▼

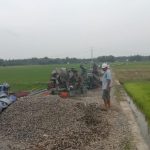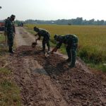 Pati – Danramil 16/Jaken Kapten Kav Budi Karyadi, SE memimpin kegiatan pengerjaan pengecoran jalan sepanjang kurang lebih 1450 meter bersama anggota Satgas
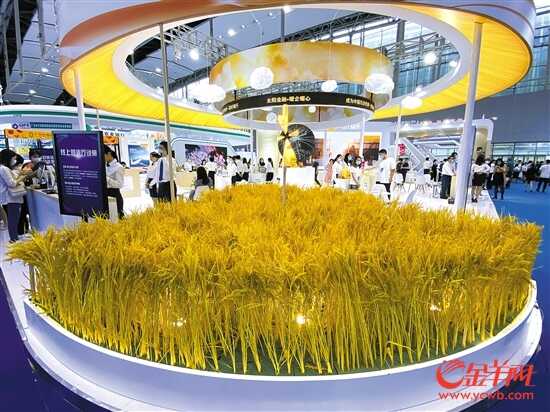 广州农商银行的风格堪称最“接地气”——展厅正门处辟出一块约十平方米的稻田,稻田底部安上了暖黄色的灯,在灯光照耀下,丰收的稻田熠熠生辉。稻田中间还竖着会旋转的发光风车,非常吸引眼球,引来了大批观众拍照和合影。
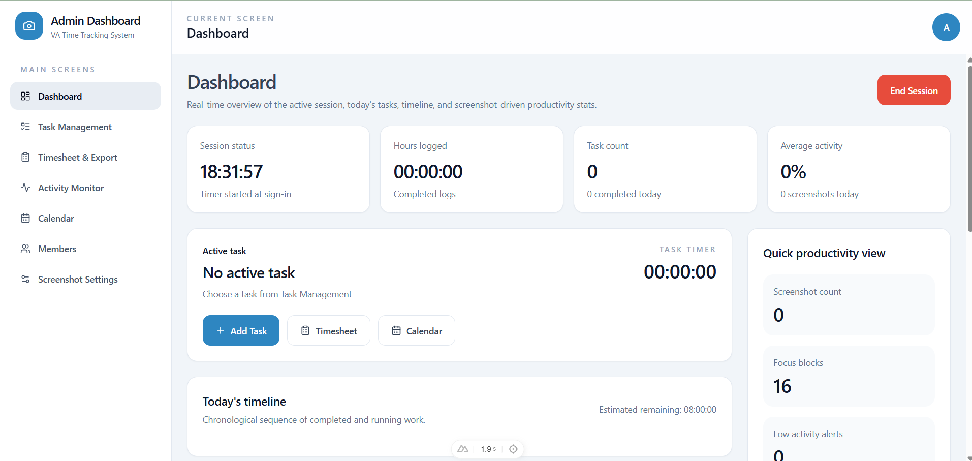 Members clock in, run timers, capture screenshots, and stay tracked from a dedicated Electron app.
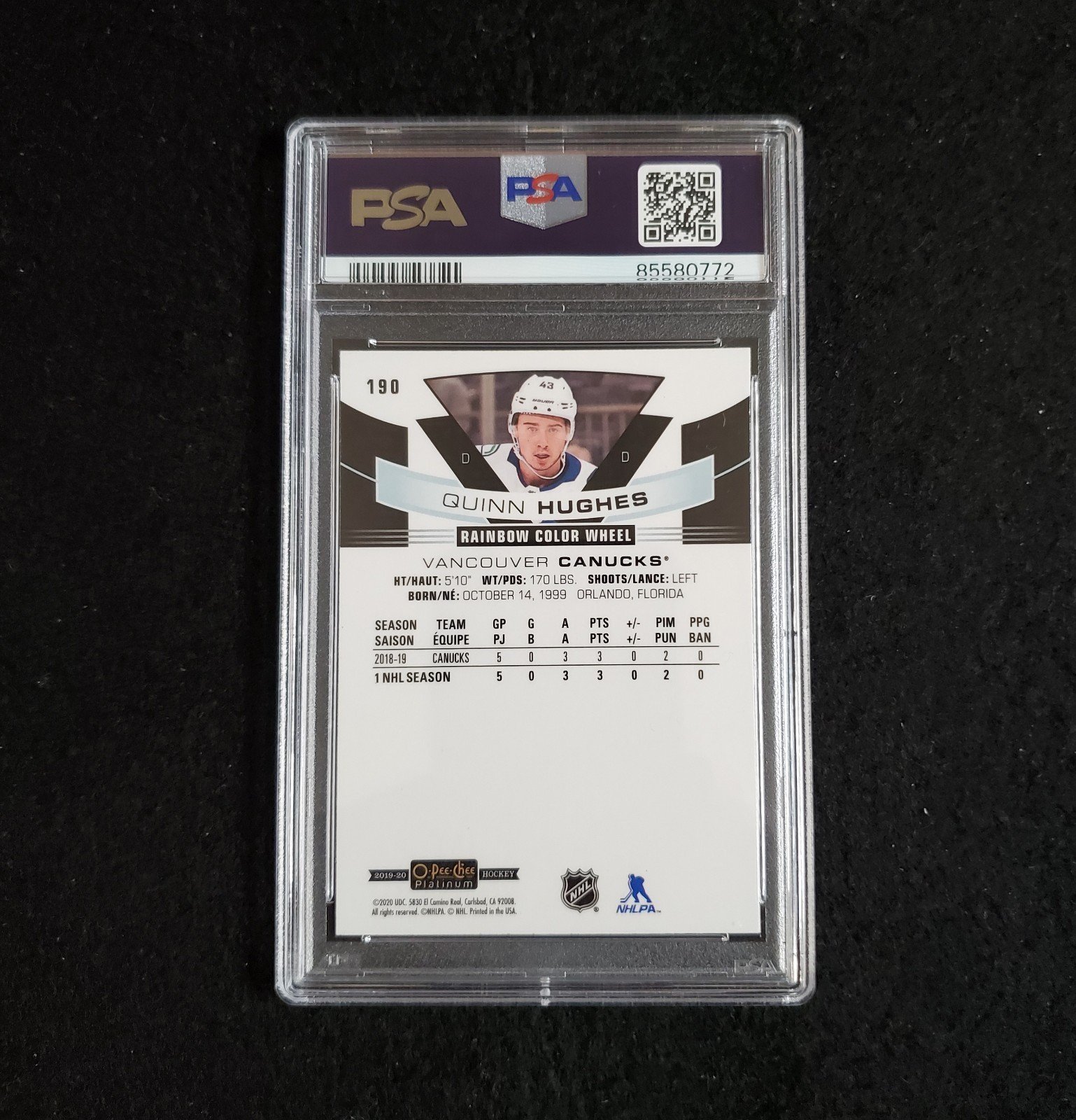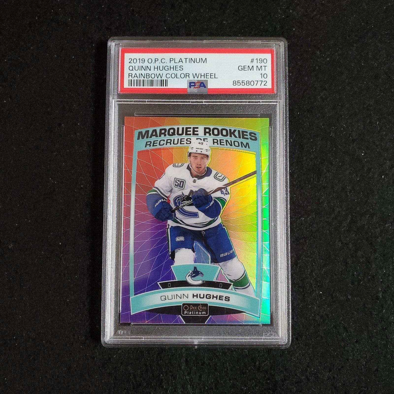 Elevate your hockey card collection with the 2019-20 Quinn Hughes O-Pee-Chee Platinum Rainbow Color Wheel Rookie card, a must-have for fans and collectors alike. Brought to you by Upper Deck, this striking card celebrates the Vancouver Canucks standout in his rookie season, capturing the essence of his dynamic play and potential.
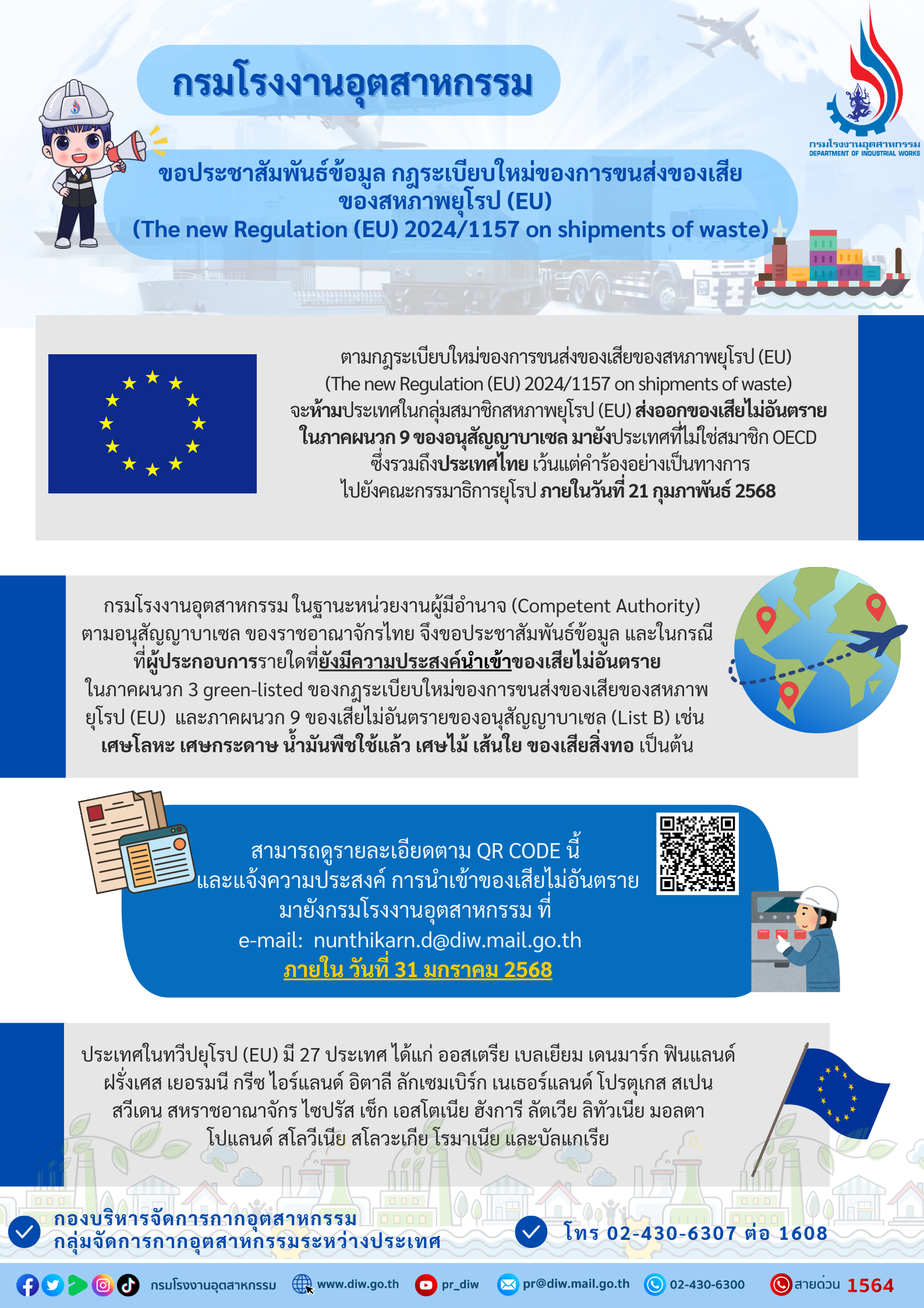 Facebook iconFacebookTwitter iconTwitterLINE iconLine Read more articles Previous Postเตือนให้ดำเนินการตามประกาศกระทรวงอุตสาหรรม เรื่อง มาตรการความปลอดภัยเกี่ยวกับการจัดการสารเคมีในโรงงานอุตสาหกรรม (ฉบับที่ 2) พ.ศ.2566 Next Postการช่วยเหลือผู้ประกอบการกิจการโรงงานซึ่งได้รับความเสียหายจากภัยธรรมชาติน้ำท่วม พ.ศ. 2567 (ฉบับที่ 2)

▲

→ **Exercise aim**: An exact copy of every entry, pictures left out, is what to write here.

→ **Response to the exercise**:
 Pati – Danramil 16/Jaken Kapten Kav Budi Karyadi, SE memimpin kegiatan pengerjaan pengecoran jalan sepanjang kurang lebih 1450 meter bersama anggota Satgas
 广州农商银行的风格堪称最“接地气”——展厅正门处辟出一块约十平方米的稻田,稻田底部安上了暖黄色的灯,在灯光照耀下,丰收的稻田熠熠生辉。稻田中间还竖着会旋转的发光风车,非常吸引眼球,引来了大批观众拍照和合影。
 Members clock in, run timers, capture screenshots, and stay tracked from a dedicated Electron app.
 Elevate your hockey card collection with the 2019-20 Quinn Hughes O-Pee-Chee Platinum Rainbow Color Wheel Rookie card, a must-have for fans and collectors alike. Brought to you by Upper Deck, this striking card celebrates the Vancouver Canucks standout in his rookie season, capturing the essence of his dynamic play and potential.
 Facebook iconFacebookTwitter iconTwitterLINE iconLine Read more articles Previous Postเตือนให้ดำเนินการตามประกาศกระทรวงอุตสาหรรม เรื่อง มาตรการความปลอดภัยเกี่ยวกับการจัดการสารเคมีในโรงงานอุตสาหกรรม (ฉบับที่ 2) พ.ศ.2566 Next Postการช่วยเหลือผู้ประกอบการกิจการโรงงานซึ่งได้รับความเสียหายจากภัยธรรมชาติน้ำท่วม พ.ศ. 2567 (ฉบับที่ 2)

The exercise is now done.